Contrast this with the lower energy transmission of Uranium which can pass through cells at a slower rate and essentially bounce off of cellular material and atoms in a manner that results in ricochet with damage done each time the energy bounces off material in the cell or body and passes through DNA more often, causing more breaks, requiring more repair.
The chart is poor in that anytime you get comparisons which align bananas, sleeping next to someone, and air travel with comparisons to medical use and nuclear disasters like Fukushima and Chernobyl, distortion is at work. They are not the same.
None of us knows what our current dose (cumulative over the span of our lives) is at the prescient moment, but we can say adding any additional radiation to the environment (not the medical office)through incompetent management (the nuke industry) raises the level of risk of human illness and that risk can remain elevated for decades (Cesium) or thousands of years (Uranium).
Our society investigated and rejected Carbon Tetrachloride for use in dry cleaning once it was discovered to contribute to cancer risk. Yet because nuclear power is defended by government, we get charts suggesting that we should look at radiation doses from one time exposures like chest x-rays and somehow relate them to the dosage of exposure to residents of Fukushima over a specific period of time (Tokyo) when those are unrelated to the chronic exposure that fits reality - residents of Fukushima, Tokyo and the rest of Japan (Government maps indicate that the far reaches of the island nation received fallout albeit far smaller amounts that regions closer to the nuke plant the nuke plants)will be chronically exposed to the unconstrained wastes of this ongoing nuclear disaster for the rest of their lives. They will receive combination doses in food, water and air for the foreseeable future. No one has a chart for that.

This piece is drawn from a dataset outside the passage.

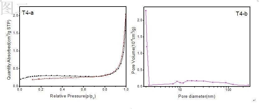 我帮你分析一下,呵呵 你的T4样品的比表面积应该不是很大,实验时样品量用少了,脱附线跑到了吸附线的下面,这种数据在写论文时是不能用的; T2要比T4的比表面积大一些,但这两种材料均会含有一定数量的微孔(《2nm),当然含量不会太多。另外你可以用dV/dlogD作图看看,这样在较宽范围的孔径分布可能会更清楚一些。 |

Nuclear waste remains in the land, the produce, the drinking water etc. and will continue to do so for many lifetimes - where is that on the chart? Nope - the chart is deceptive. It normalizes things that are not normal.
According to the EPA, evidence supports the Linear No Threshold Model, which proposes that even small amounts of exposure increase the chance of resulting illness (a small amount, and these exposures are cumulative).
https://www.epa.gov/radiation/radiation-health-effects
Certainly the BEIR reports, (state of the art research studying effects of radiation on human health) year after year report that small amounts of exposure to ionizing radiation contribute a small amount to illness risk, and that large exposure contributes to large illness risk.
http://dels.nas.edu/resources/static-assets/materials-based-on-reports/reports-in-brief/beir_vii_final.pdf
So the public has a right to question the increased risks it faces when Fukushima loses control of 3 nuclear fuel cores. And the chart is deceptive in that it poses an unrealistic view of radiation effects.